Researchers could feed the cell a precursor for whatever that biological moiety is that is labeled with an azide or an alkyne, and an enzyme that is in the cell will attach it wherever they want it attached.
Singer said that earlier this fall, Invitrogen released the Click-iT AHA (L-azidohomoalanine) kit for the detection of nascent protein synthesis. The AHA kit is fast, sensitive, non-toxic, and replaces radioactivity (35S-methionine) for the detection of nascent protein, she said. In addition, it can be analyzed in cells in situ or in gels or blots.
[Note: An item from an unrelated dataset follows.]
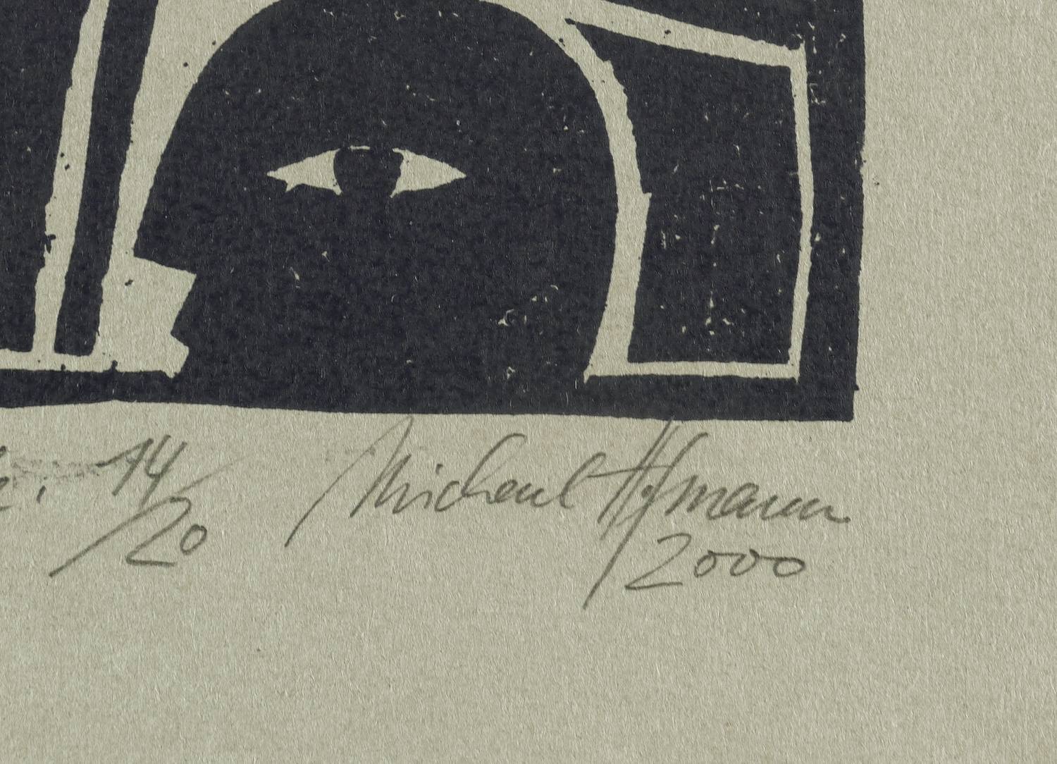 2000. Holzschnitt, in Schwarz, auf grau getöntem Hahnemühle. – Originale Künstlergrafik, von Michael Hofmann. – Auflage Exemplar Nr. 14/20. – 15,5 x 10,8 cm (Darstellung / Druckstock), 22 x 16 cm (Blatt).

Many major pharmaceutical companies are buying the Click-iT kits, said Singer. Biotechs and research labs are using them as well. She declined to say specifically which companies, however.
“Invitrogen launched the high-content screening tools earlier in the fall, and they were beta-tested at several biotechs and pharmaceutical companies,” Singer said, although she declined to elaborate further.
“Any biological entity that is produced in a cell is a viable target,” said Singer. All that is necessary is an ezymatic method of incorporating the azide or alkyne into a precursor to that moiety.
“One could imagine RNA or a lipid precursor, for example,” she said. “Certainly lipid modifications are of interest, and one can imagine almost any kind of protein modification.”